The SDK now supports two additional Parakeet model variants beyond the existing TDT models:

**CTC transcription** for fast, streaming-friendly speech-to-text:

```typescript
const modelId = await loadModel({
  modelSrc: PARAKEET_CTC_FP32_1,
  modelType: "parakeet",
  modelConfig: {
    modelType: "ctc",
    parakeetCtcModelSrc: PARAKEET_CTC_FP32_1,
    parakeetCtcModelDataSrc: PARAKEET_CTC_DATA_FP32_1,
    parakeetTokenizerSrc: PARAKEET_CTC_TOKENIZER,
  },
});
const text = await transcribe({ modelId, audioChunk: "/path/to/audio.wav" });
```

**Sortformer diarization** for speaker identification:

```typescript
const modelId = await loadModel({
  modelSrc: PARAKEET_SORTFORMER_FP32,
  modelType: "parakeet",
  modelConfig: {
    modelType: "sortformer",
    parakeetSortformerSrc: PARAKEET_SORTFORMER_FP32,
  },
});
const diarization = await transcribe({ modelId, audioChunk: "/path/to/audio.wav" });
// Returns: "Speaker 0: 0.00s - 4.24s\nSpeaker 1: 4.65s - 14.32s\n..."
```

### AfriqueGemma Support

AfriqueGemma models for African language translation are now available through the SDK.
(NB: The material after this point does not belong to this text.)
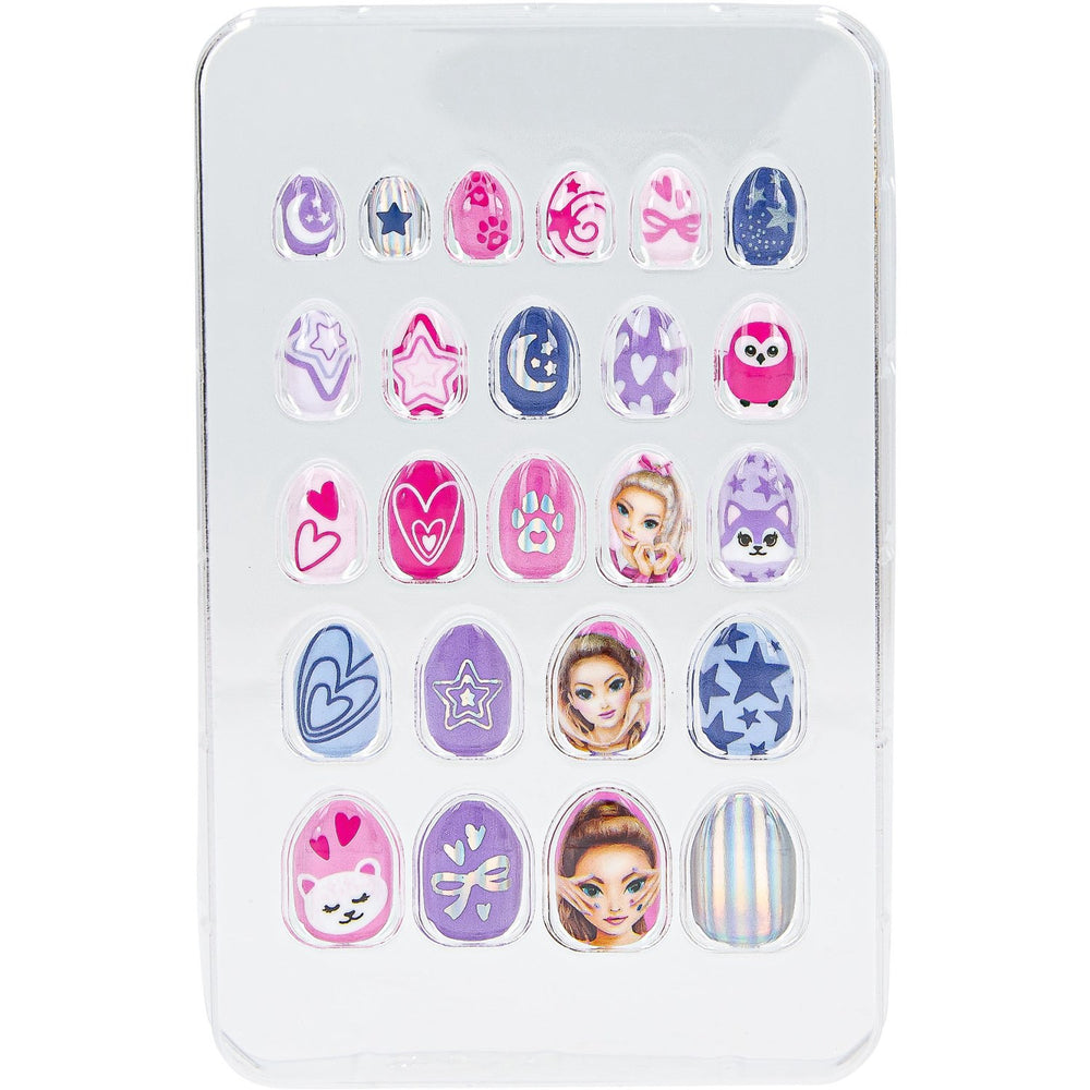 Ge din lilla stjärna chansen att utforska världen av skönhet på ett säkert och roligt sätt med TOPModel Beauty And Me Artificial Nails. Detta set med 24 självhäftande konstgjorda naglar är perfekt för små händer som älskar att pyssla och uttrycka sig. Designen bjuder på en mjuk avsmalnande form samt en iögonfallande blandning av glitter och glans i underbara nyanser av rosa och lila, vilket lägger till en prinsesslik charm.

### Profiler Operation Transport and Metrics

The profiler now captures detailed load/download metrics and stream profiling data, giving deeper visibility into SDK operation performance.

## Bug Fixes

### @qvac/sdk

* **Addon logging fixed across all plugins** — Logging callbacks were not being properly attached to some addon plugins, resulting in missing addon-level logs. All plugins now correctly route native addon logs through the SDK logging system.
* **Parakeet addon logger** now uses the correct `params.modelId` for log routing.
* **RPC race condition** in `getRPCInstance` resolved — concurrent initialization calls no longer create duplicate worker instances.
* **Delegated model unload** now correctly unloads the model on the provider device instead of only removing the local registry entry.
* **Stale delegated model entries** are replaced on re-registration instead of accumulating.

***

## 📦 Model Changes

### Added Models

**OCR:**

* `OCR_DETECTOR_DB_MOBILENET_V3_LARGE`
* `OCR_DETECTOR_DB_RESNET50`
* `OCR_RECOGNIZER_CRNN_MOBILENET_V3_SMALL`
* `OCR_RECOGNIZER_PARSEQ`

**Parakeet (CTC):**

* `PARAKEET_CTC_FP32`, `PARAKEET_CTC_DATA_FP32`, `PARAKEET_CTC_VOCAB`, `PARAKEET_CTC_INT8`, `PARAKEET_CTC_CONFIG`
* `PARAKEET_CTC_FP32_1`, `PARAKEET_CTC_DATA_FP32_1`, `PARAKEET_CTC_TOKENIZER`

**Parakeet (Sortformer / EOU):**

* `PARAKEET_SORTFORMER_FP32`
* `PARAKEET_EOU_ENCODER_FP32`, `PARAKEET_EOU_DECODER_FP32`, `PARAKEET_EOU_TOKENIZER`

**Parakeet (TDT — renamed from unprefixed):**

* `PARAKEET_TDT_ENCODER_FP32`, `PARAKEET_TDT_ENCODER_DATA_FP32`, `PARAKEET_TDT_DECODER_FP32`, `PARAKEET_TDT_VOCAB`, `PARAKEET_TDT_PREPROCESSOR_FP32`
* `PARAKEET_TDT_ENCODER_INT8`, `PARAKEET_TDT_DECODER_INT8`, `PARAKEET_TDT_PREPROCESSOR_INT8`

### Removed Models

The following unprefixed Parakeet constants were replaced by their `TDT_` equivalents (see breaking changes):

* `PARAKEET_ENCODER_FP32`, `PARAKEET_ENCODER_DATA_FP32`, `PARAKEET_DECODER_FP32`, `PARAKEET_VOCAB`, `PARAKEET_PREPROCESSOR_FP32`
* `PARAKEET_ENCODER_INT8`, `PARAKEET_DECODER_INT8`, `PARAKEET_PREPROCESSOR_INT8`

***

## 🧹 Other Changes

* Consolidated transcription schemas and shared ops into a unified structure.
* Updated `@qvac/tts-onnx` to v0.6.1 and `@qvac/transcription-whispercpp` addon.
* Aligned TTS plugin artifact patterns.
* Ported Android E2E test workflow to the monorepo.
* Improved changelog aggregation to prefer `CHANGELOG_LLM.md` when available.
* Reorganized monorepo documentation structure.
* Ported logging executor to direct assertions and added missing test handlers.
* Enabled profiling in test-qvac desktop and mobile consumers.